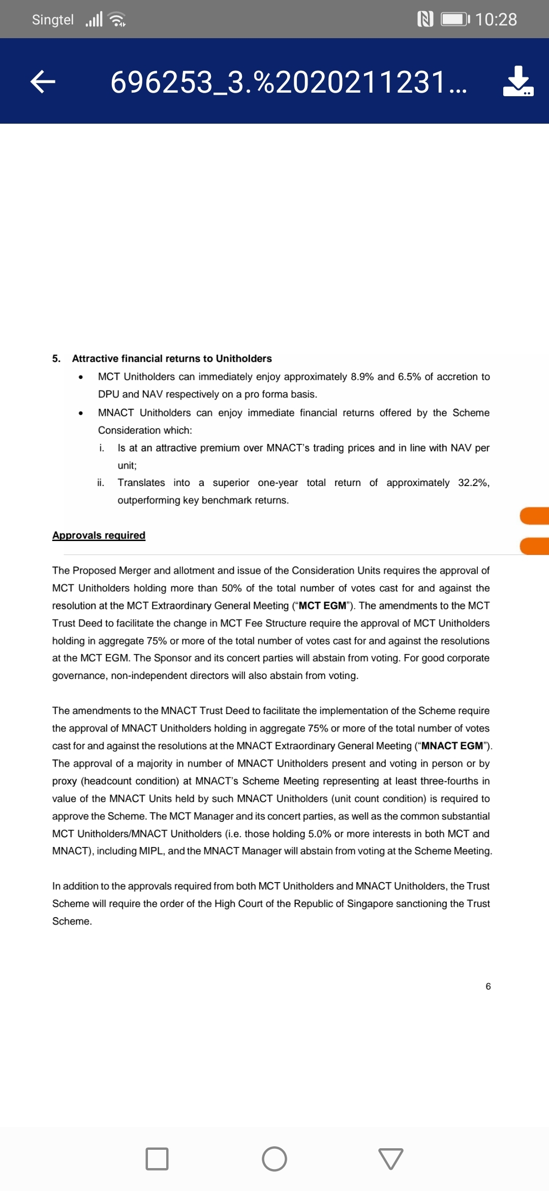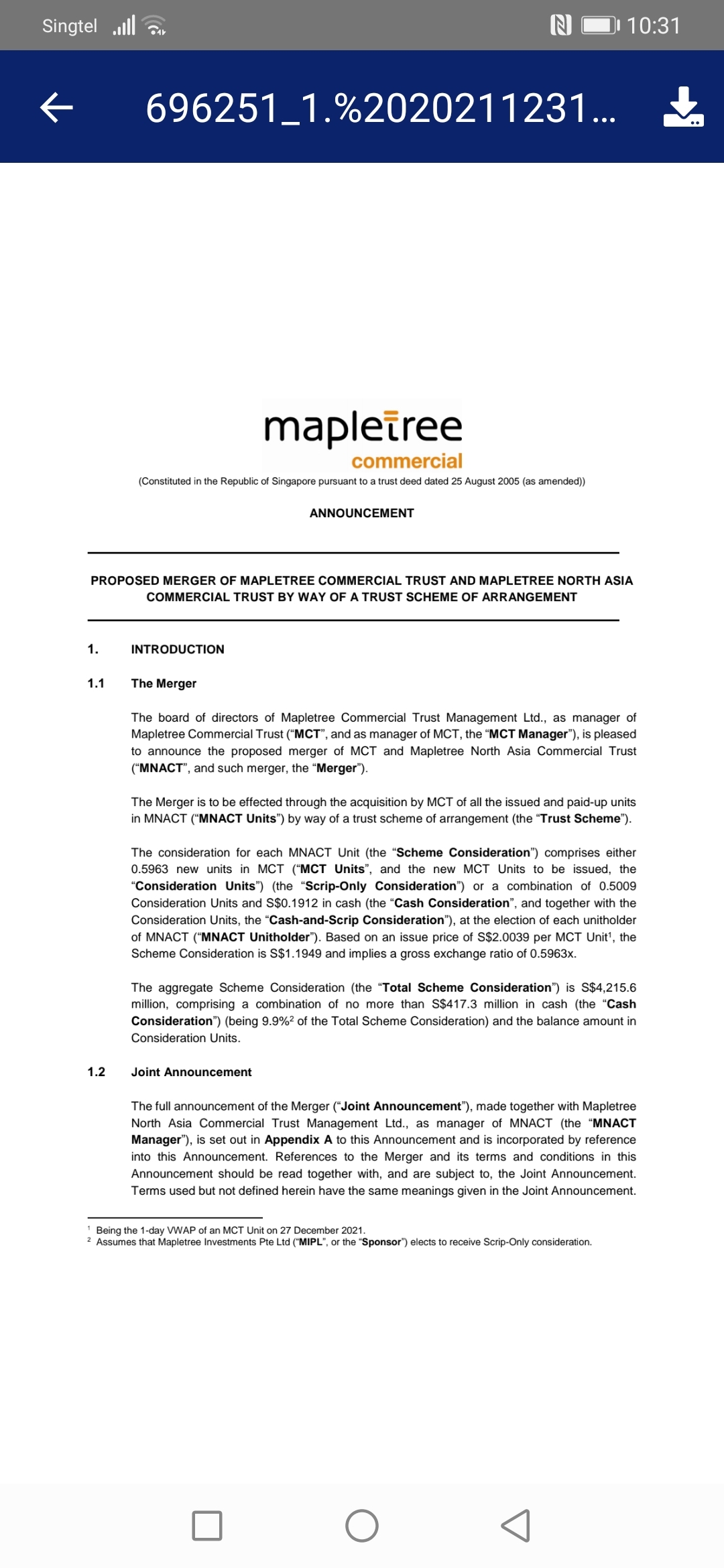 $MAPLETREE COMMERCIAL TRUST(N2IU.SI)$ Why is the price falling after the merger was announced? Isn't it suppose to benefit both parties [Thinking]
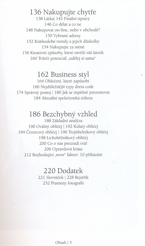 Průvodce stylem pro ženy objasňuje základní, všeobecně platné a dlouhodobě uznávané zásady dobrého stylu oblékání pro každou ženu a nabízí praktické tipy pro všechny situace od pracovních schůzek přes slavnostní příležitosti až po volnočasové aktivity. Příklady vhodného oblečení pomáhají čtenářkám správně zvolit a kombinovat jednotlivé oděvní součásti i na základě typu postavy, tvaru obličeje a barev. Nakladatelská anotace. Kráceno.
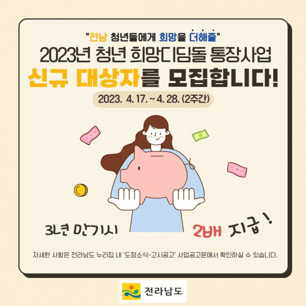 [¹Ìµð¾îÀü³² ÀÓ¼º¿Ï ±âÀÚ] ¼øÃµ½Ã´Â 2023³â ¡®Ã»³â Èñ¸Á µðµõµ¹ ÅëÀå»ç¾÷¡¯ ´ë»óÀÚ¸¦ ¿À´Â 28ÀϱîÁö ¸ðÁýÇÑ´Ù°í ¹àÇû´Ù. û³â Èñ¸Á µðµõµ¹ ÅëÀå»ç¾÷Àº û³âµéÀÌ 36°³¿ù µ¿¾È ¿ù 10¸¸¿øÀ» Àû¸³ÇÏ¸é ½Ã¿¡¼ °°Àº ±Ý¾×À» ¸ÅĪ Àû¸³ÇØÁÖ´Â »ç¡¦
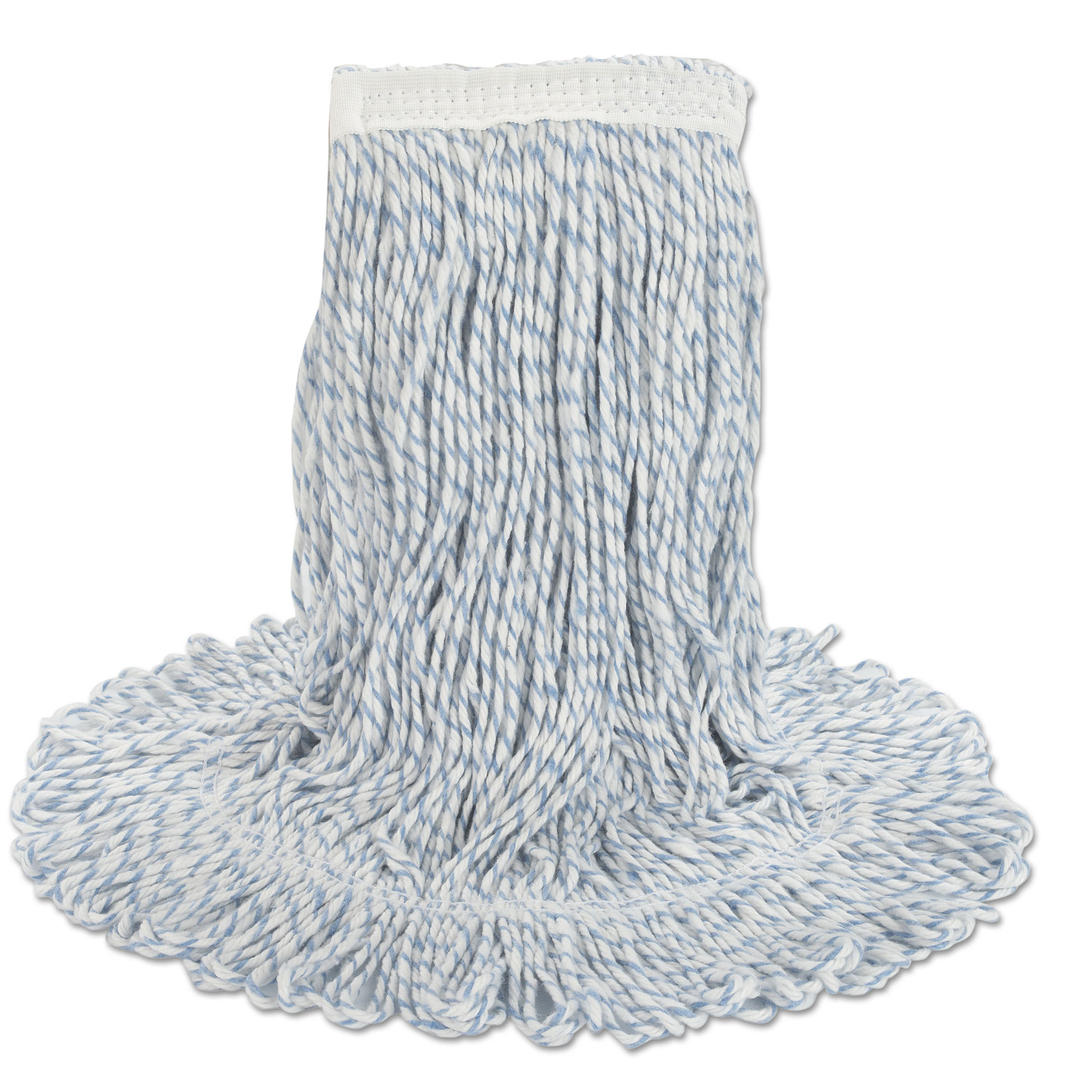 This mop head is made from a high-grade, four-ply, rayon-blend which is designed to help you lay finish more evenly. Looped ends minimize unraveling and linting. Constructed to be more durable with a double-sewn tailband and polyester-tape headband. The mop heads are mildew and bacteria resistant. Designed for use with clamp and grip-style mop handles (sold separately).

=======

→ **Work instructions**
Pictures aside, repeat exactly every line from the top of the listing above through the line bearing "Průvodce stylem pro", inclusive.

→ **Solution for this exercise**
 $MAPLETREE COMMERCIAL TRUST(N2IU.SI)$ Why is the price falling after the merger was announced? Isn't it suppose to benefit both parties [Thinking]
 Průvodce stylem pro ženy objasňuje základní, všeobecně platné a dlouhodobě uznávané zásady dobrého stylu oblékání pro každou ženu a nabízí praktické tipy pro všechny situace od pracovních schůzek přes slavnostní příležitosti až po volnočasové aktivity. Příklady vhodného oblečení pomáhají čtenářkám správně zvolit a kombinovat jednotlivé oděvní součásti i na základě typu postavy, tvaru obličeje a barev. Nakladatelská anotace. Kráceno.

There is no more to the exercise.